_Provided data_:
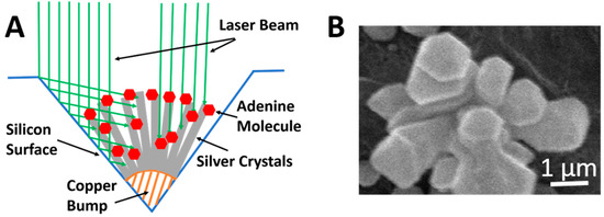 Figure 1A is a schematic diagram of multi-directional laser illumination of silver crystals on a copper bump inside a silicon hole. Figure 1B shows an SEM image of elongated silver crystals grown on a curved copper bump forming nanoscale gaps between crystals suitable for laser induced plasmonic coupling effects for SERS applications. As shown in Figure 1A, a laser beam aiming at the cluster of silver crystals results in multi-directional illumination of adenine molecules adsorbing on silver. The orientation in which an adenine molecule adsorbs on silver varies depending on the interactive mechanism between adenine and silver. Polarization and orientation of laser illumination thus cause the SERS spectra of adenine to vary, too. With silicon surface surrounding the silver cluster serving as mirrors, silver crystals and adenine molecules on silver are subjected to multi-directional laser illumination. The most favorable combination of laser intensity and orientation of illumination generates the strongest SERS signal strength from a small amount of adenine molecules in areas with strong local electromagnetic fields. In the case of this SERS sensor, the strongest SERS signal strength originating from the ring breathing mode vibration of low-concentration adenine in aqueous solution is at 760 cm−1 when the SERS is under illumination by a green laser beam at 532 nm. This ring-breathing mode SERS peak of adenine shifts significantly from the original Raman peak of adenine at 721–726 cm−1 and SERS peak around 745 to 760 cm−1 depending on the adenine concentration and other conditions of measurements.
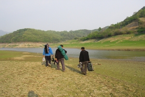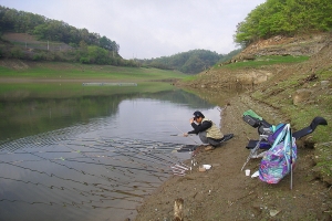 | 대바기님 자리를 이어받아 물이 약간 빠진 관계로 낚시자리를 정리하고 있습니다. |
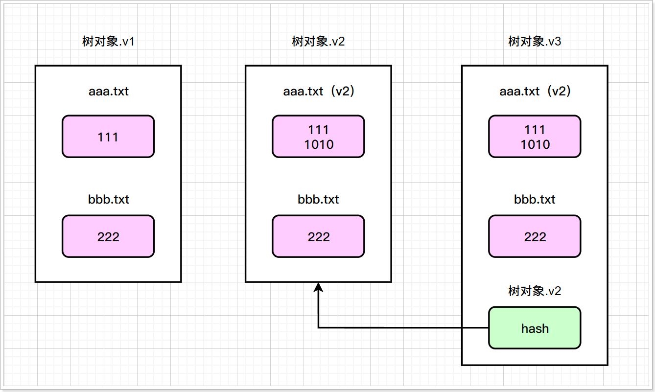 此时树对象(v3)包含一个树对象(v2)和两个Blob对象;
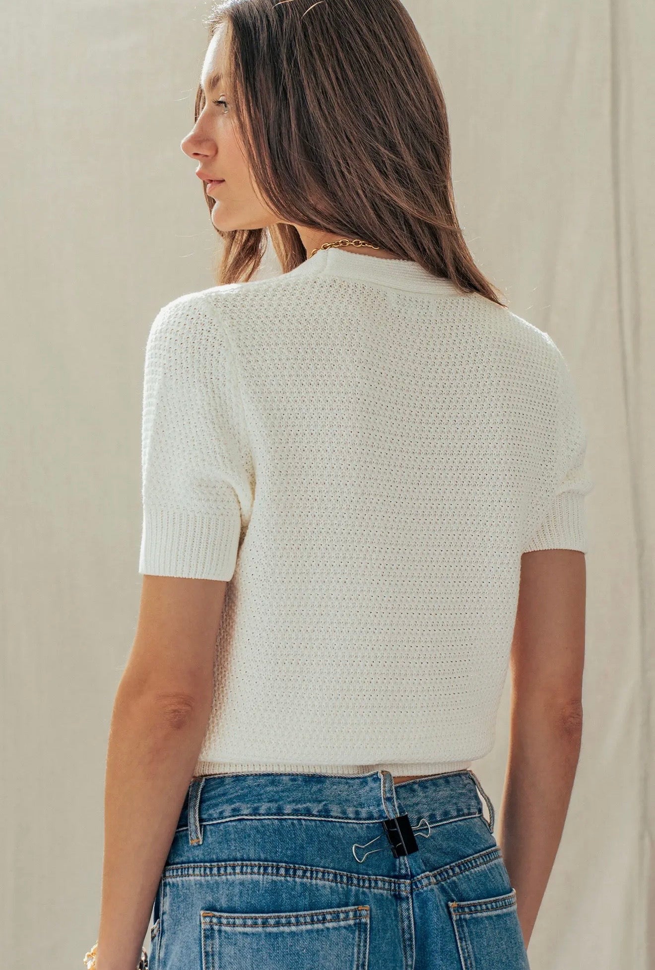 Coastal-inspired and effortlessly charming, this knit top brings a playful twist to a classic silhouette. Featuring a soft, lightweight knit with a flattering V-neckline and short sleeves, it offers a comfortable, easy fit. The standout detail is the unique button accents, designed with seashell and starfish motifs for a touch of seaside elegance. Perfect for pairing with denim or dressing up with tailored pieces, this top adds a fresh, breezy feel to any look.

_What the exercise asks_: Output only the lines above from the one containing "정리하고 있습니다. |" to the one containing "此时树对象(v3)包含一个树对象(v2)和两个Blob对象;", both included, exactly as written and with no pictures.

_Completed exercise_:
 | 대바기님 자리를 이어받아 물이 약간 빠진 관계로 낚시자리를 정리하고 있습니다. |
 此时树对象(v3)包含一个树对象(v2)和两个Blob对象;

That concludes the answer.